- Instructions for the task
Work through the listing below and give again exactly the lines from the one with "The other, the" to the one with "Consequently, if the", both ends included. All other lines and all pictures stay out.

- Data section
● ● ● ● ● ● ●

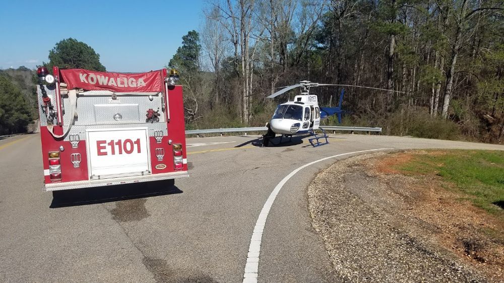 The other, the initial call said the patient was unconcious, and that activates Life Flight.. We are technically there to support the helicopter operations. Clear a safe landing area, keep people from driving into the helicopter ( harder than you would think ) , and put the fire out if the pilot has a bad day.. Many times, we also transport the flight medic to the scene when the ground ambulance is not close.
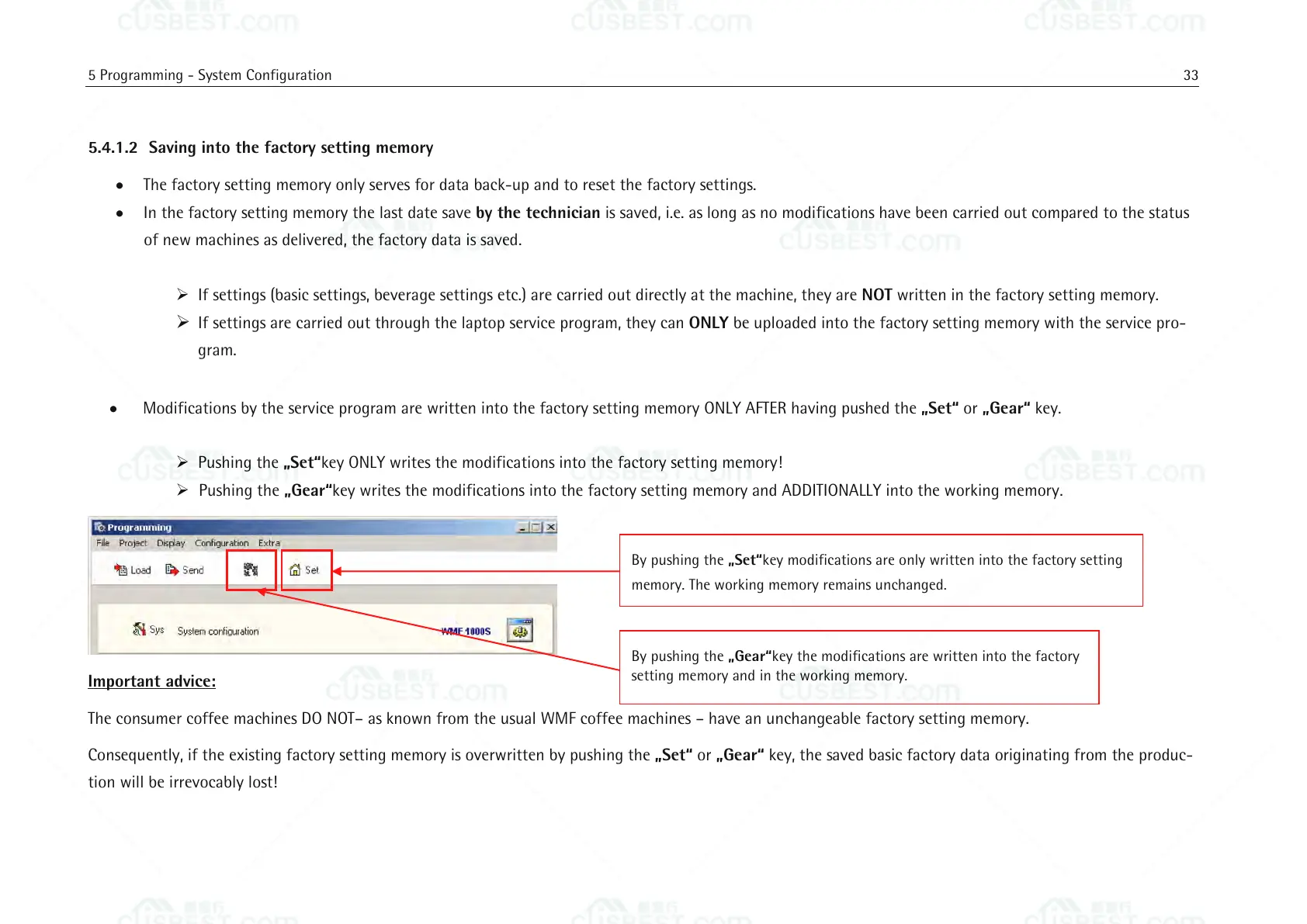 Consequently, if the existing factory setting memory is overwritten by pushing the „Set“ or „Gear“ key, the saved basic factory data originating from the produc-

● ● ● ● ● ● ●

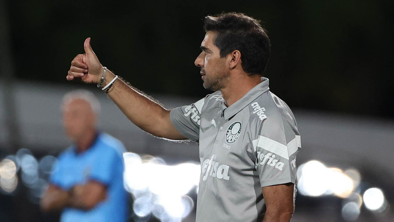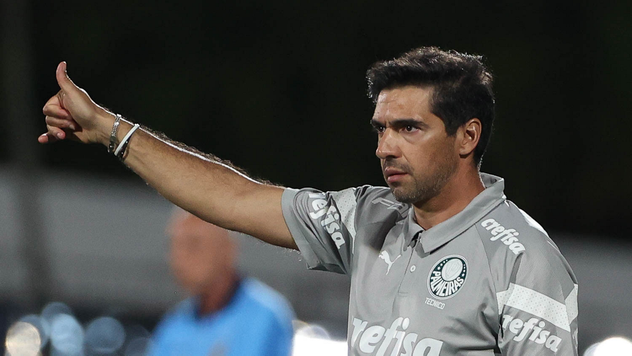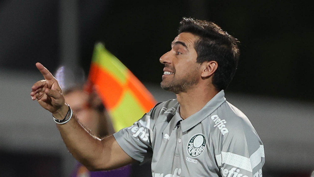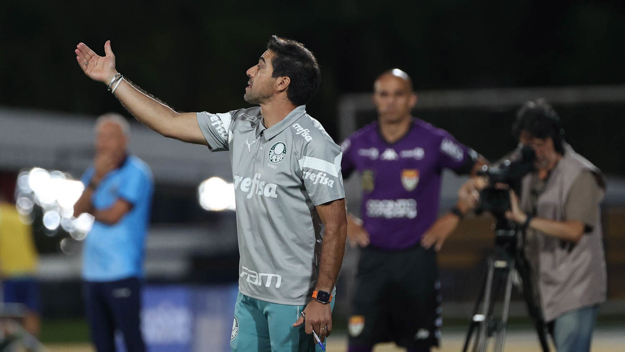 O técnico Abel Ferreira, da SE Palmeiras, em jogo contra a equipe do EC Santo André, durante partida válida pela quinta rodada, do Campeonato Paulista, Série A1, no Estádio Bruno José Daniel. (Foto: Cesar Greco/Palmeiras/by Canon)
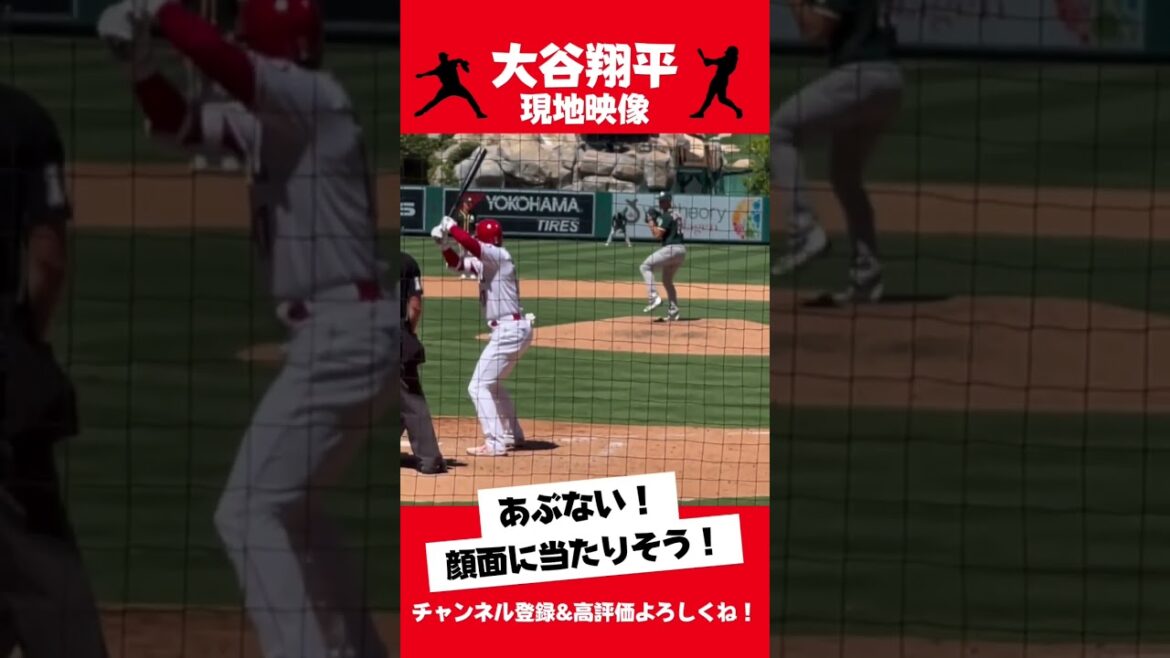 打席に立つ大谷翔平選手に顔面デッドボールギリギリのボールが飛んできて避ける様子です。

● ● ● ● ● ● ●

- Written response
 The other, the initial call said the patient was unconcious, and that activates Life Flight.. We are technically there to support the helicopter operations. Clear a safe landing area, keep people from driving into the helicopter ( harder than you would think ) , and put the fire out if the pilot has a bad day.. Many times, we also transport the flight medic to the scene when the ground ambulance is not close.
 Consequently, if the existing factory setting memory is overwritten by pushing the „Set“ or „Gear“ key, the saved basic factory data originating from the produc-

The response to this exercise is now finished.